The Akhund of Swat seems to have been symbolic of all this, even at the time. During the Umbeyela Campaign of 1863, he was seen at the leader of the fight against the British. And he had a silly name which caught the imagination. But the main point was this: the Army was off somewhere fighting him, this was clearly important, but … huh? Edward Lear wrote a verse that expressed the attitude of the home country:

 

Who, or why, or which, or what?

Is the Akond of Swat?

Is he short, or tall, or dark, or fair?

Does he sit on a stool, or a sofa, or a chair,

Or squat?

The Akond of Swat.

 

The full poem is here.  The American poet Eugene Field asked:

 

Now the Ahkoond of Swat is a vague sort of man,

Who lives in a country far over the sea;

Pray tell me good reader, if tell me you can,

What’s the Ahkoond of Swat to you folks or to me?

 

Well, the Akhund of Swat has a Wikipedia entry, but it’s a short one. We are now, hopefully, aware that the Swat Valley is in Pakistan, that it’s in the Khyber region.
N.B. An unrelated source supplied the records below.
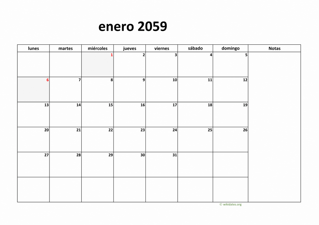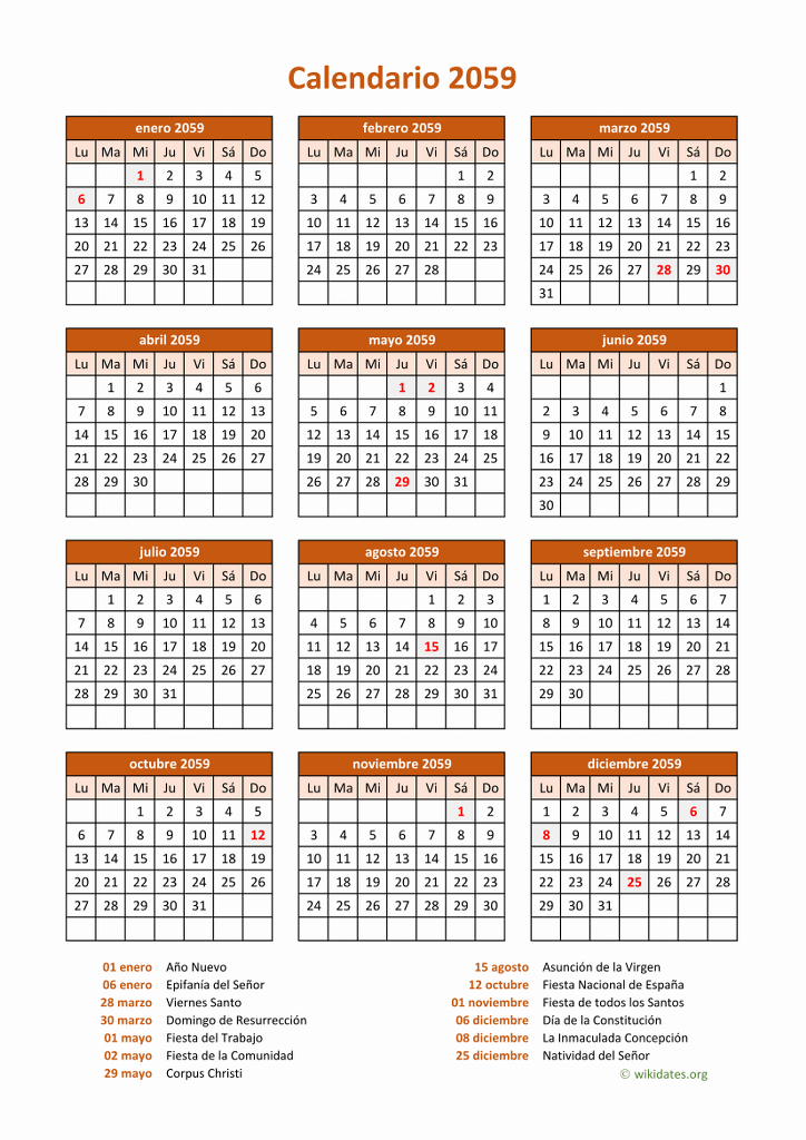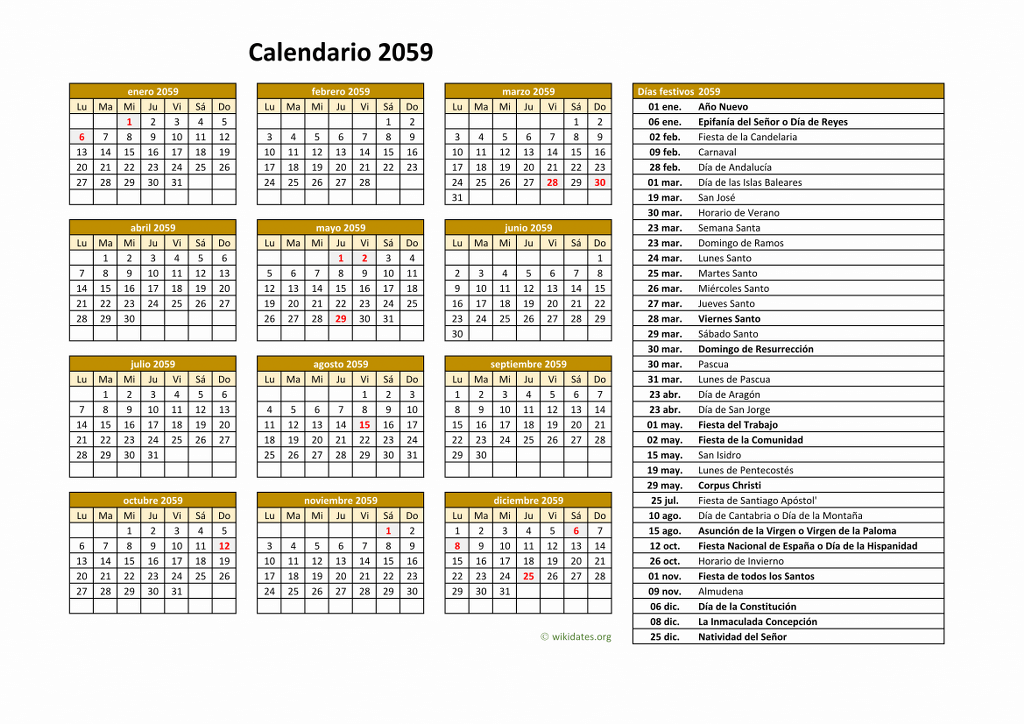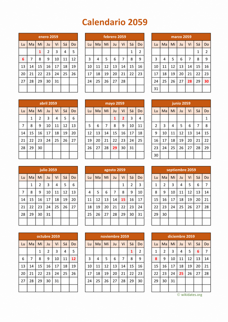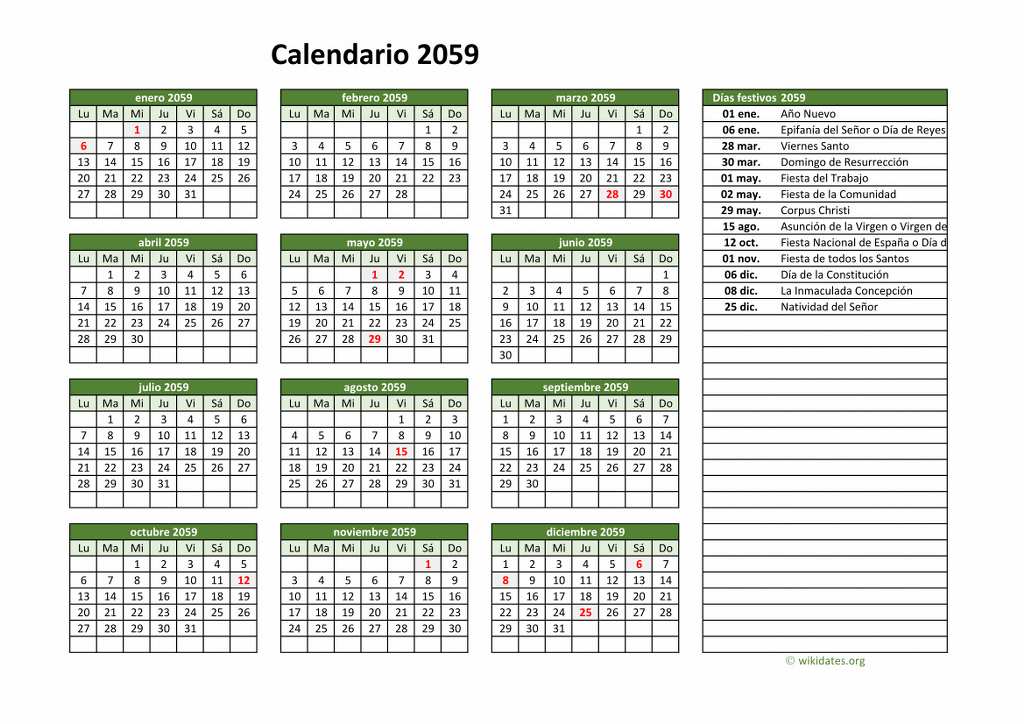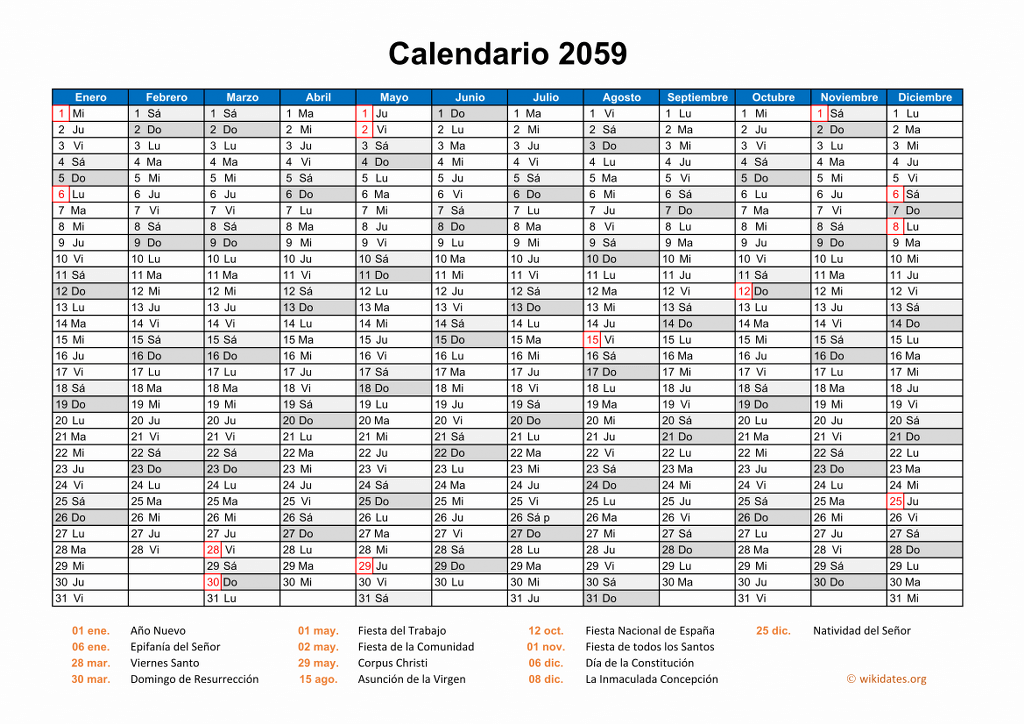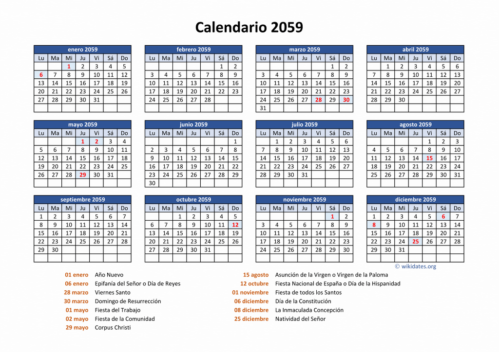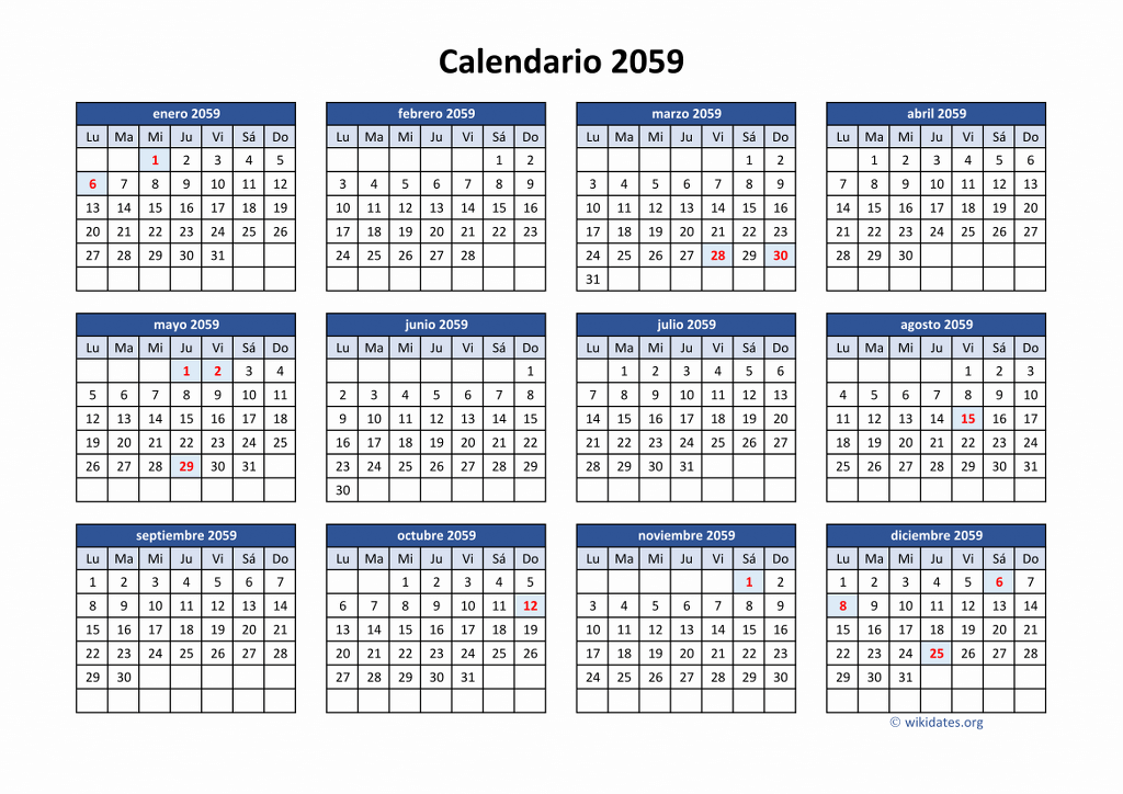 • Calendario anual 2059 gratis para imprimir y de 12 meses en una página, con los días festivos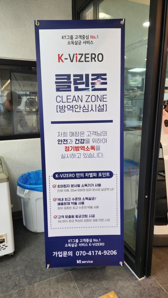 클린존으로 고객의 안전과 건강을 위하여 정기방역소득을 실시하고 있음을 그래서 청결함을 보여주는 것 같았습니다.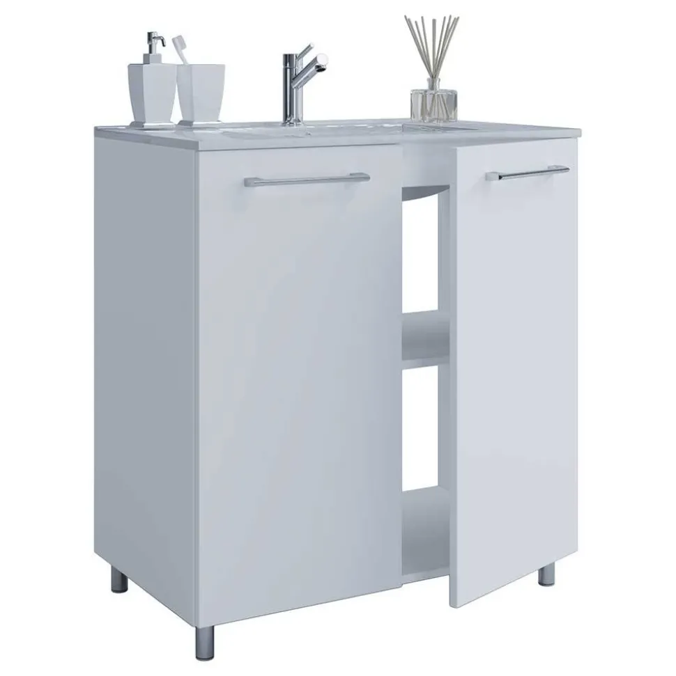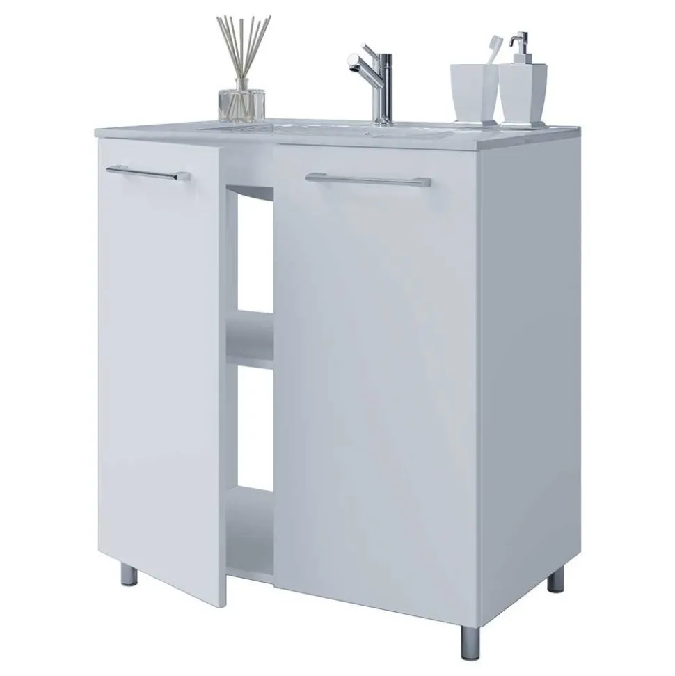 - Inklusive Keramik-Waschbecken mit seitlichen Ablagen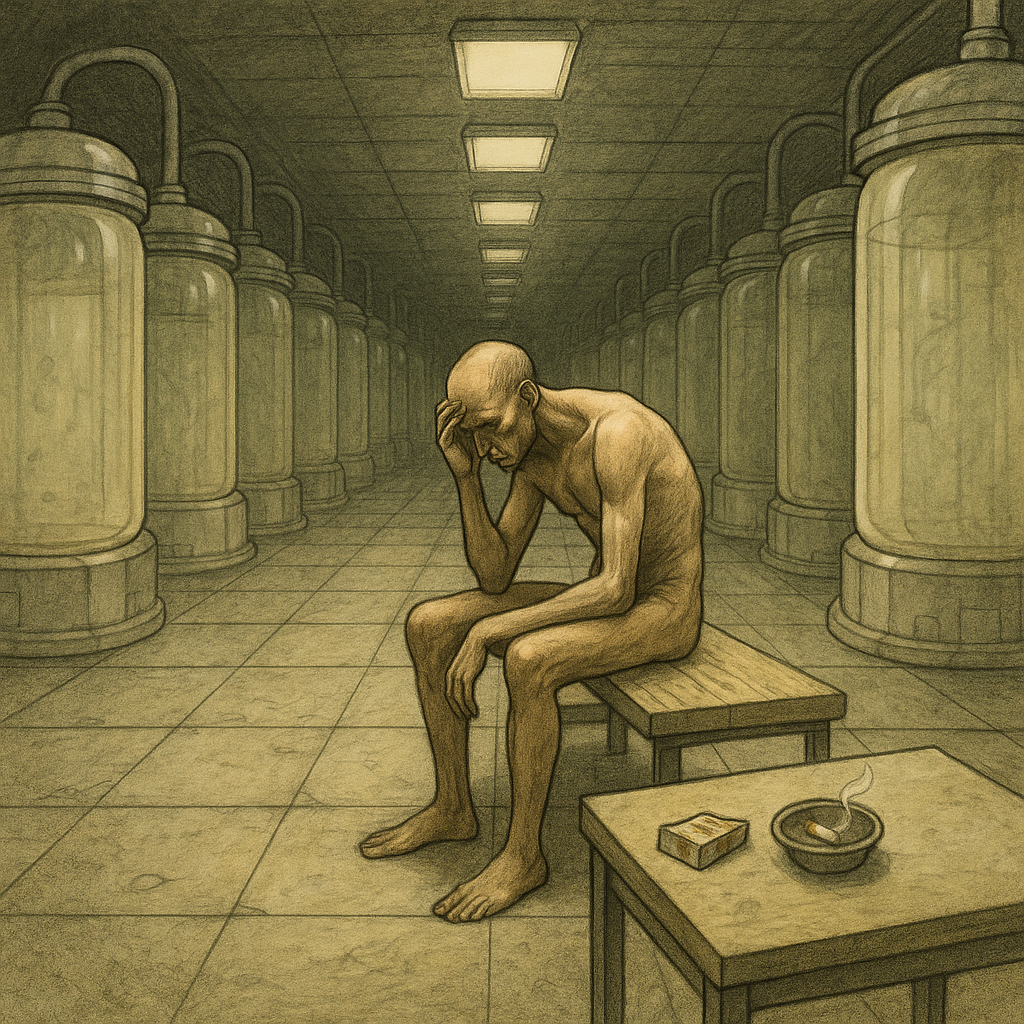 Яркая вспышка перешла в мягкий жёлтый свет. Включились насосы, гулко откачивая физраствор из огромной колбы. Неизвестно сколько прошло времени, как вдруг шум стал сильно громче, что-то в тонкой пластиковой стенке щёлкнуло, и наступила тишина. Сработали запорные механизмы, дверь, шипя изношенной пневматикой медленно открылась. На холодный металлический пол, сгорбившись и качаясь, вышел голый человек. Под потолком зажглись лампы, осветив огромный зал по которому в несколько рядов выстроились такие же стеклянные чаны.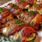 Savory bacon-wrapped zucchini boats filled with creamy cheese, perfect for keto diets and family gatherings.
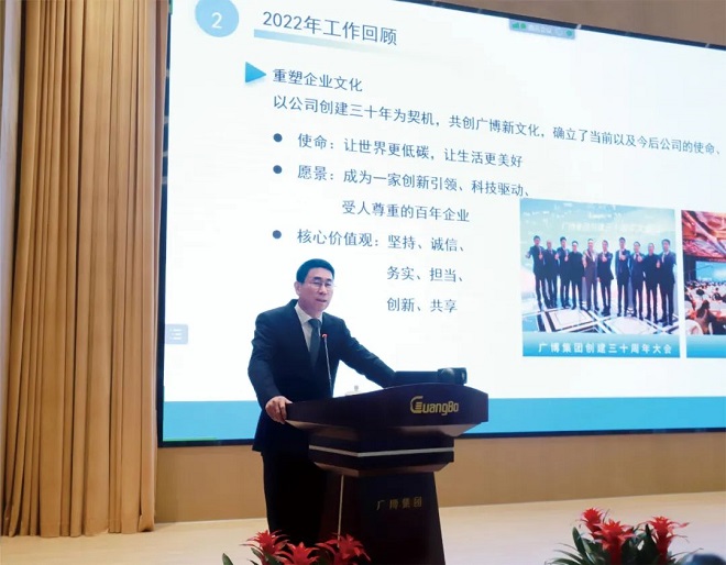 At the beginning of the conference, Wang Junping, deputy secretary of the Party Committee and general manager of the group company, made the annual work report of the group. In the report, general manager Wang Junping reviewed the business achievements of Guangbo Group in 2022 in detail, analyzed the existing problems, and put forward the business objectives and key work requirements of each business unit in 2023.Mr. Wang said that in 2022, the company took the board of directors as the core, actively sought changes and responded, courageously moved forward, and handed over a hard-won transcript with the joint efforts of everyone.In the new year, the company should closely focus on the general principle of "demand-oriented and action-oriented to make impossible possible", firmly implement the corporate cultural values, continue to strengthen the construction of talent system, effectively integrate resources, create all-round differentiated competitiveness, form high-quality development synergy, and achieve effective improvement in quality and reasonable growth in quantity.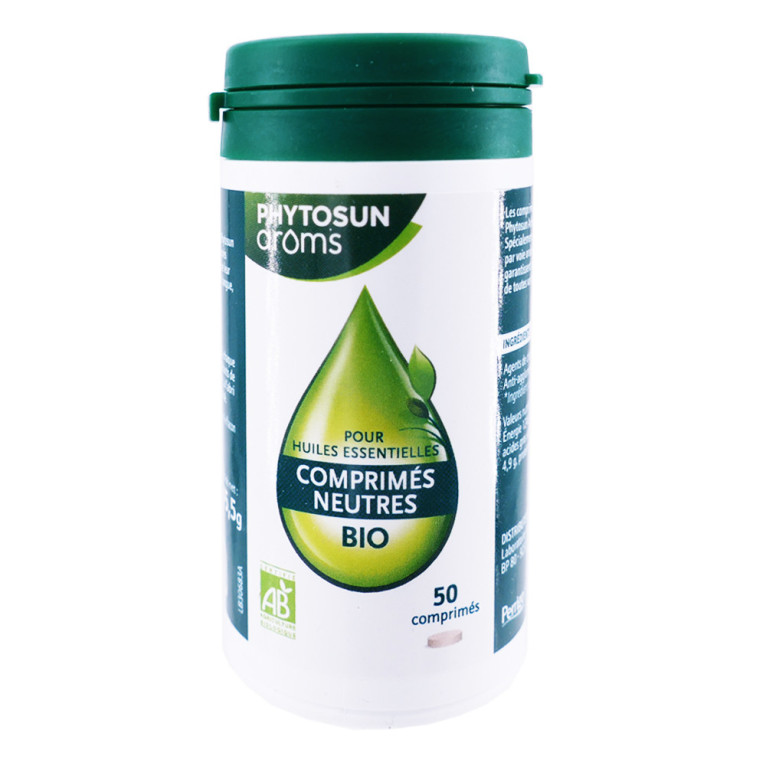 PHYTOSUN AROMS COMPRIMES NEUTRES BIO POUR HUILES ESSENTIELLES 50 COMPRIMES est disponible en vente en ligne à prix discount.

The Akhund was a Muslim holy man, Abdul Ghafoor, who was seventy years old in 1863. Up until that point, he was revered as a living saint by the local Muslims (the Bunerwals) and had taken a volatile situation of tribal violence and brought peaceful leadership along Muslim principles to the area.

An expedition led by Neville Chamberlain – who was no relation of the future Prime Minister – wanted to punish the Pashtuns and decided to march his army to their territory through the Swat Valley, which he believed to be peaceful, co-operative place. The Akhund objected and rallied local resistance, and the British were attacked by 15,000 Bunerwal troops. The British occupied a fort, and lost control of it three times in the following month. After losing 1000 men, reinforcements arrived, the Akhund’s forces sued for peace, and the British told them that the price of peace was that the Bunerwals had to go and burn down the Pashtun villages, which they duly did.

It was an odd, opaque vaguely pointless war. It furnished a couple of Victoria Crosses and provided much excitement to the British soldiers involved. This, as much as anything else, seems to have been its purpose. It’s tempting to look at the Swat in the modern day and see it’s still  tribal, that the West is still fighting Muslims there (the Taliban are active in the area) and to talk about how little has changed. In the end, though, the story of the Akhund of Swat is one of a war, or battle, or campaign, or whatever, that’s a little like the War of 1812 fought between the British and Americans, in that it’s hard to work out exactly why it started, defies legalistic or scholarly analysis of ‘reasons’, with very murky links to the broader context of the time, let alone now. It makes a mockery of questions like ‘what are we fighting for?’ or ‘who won?’. In the end, I think it doesn’t make the history books because … well, we want our stories to have better starts, middles and endings than that.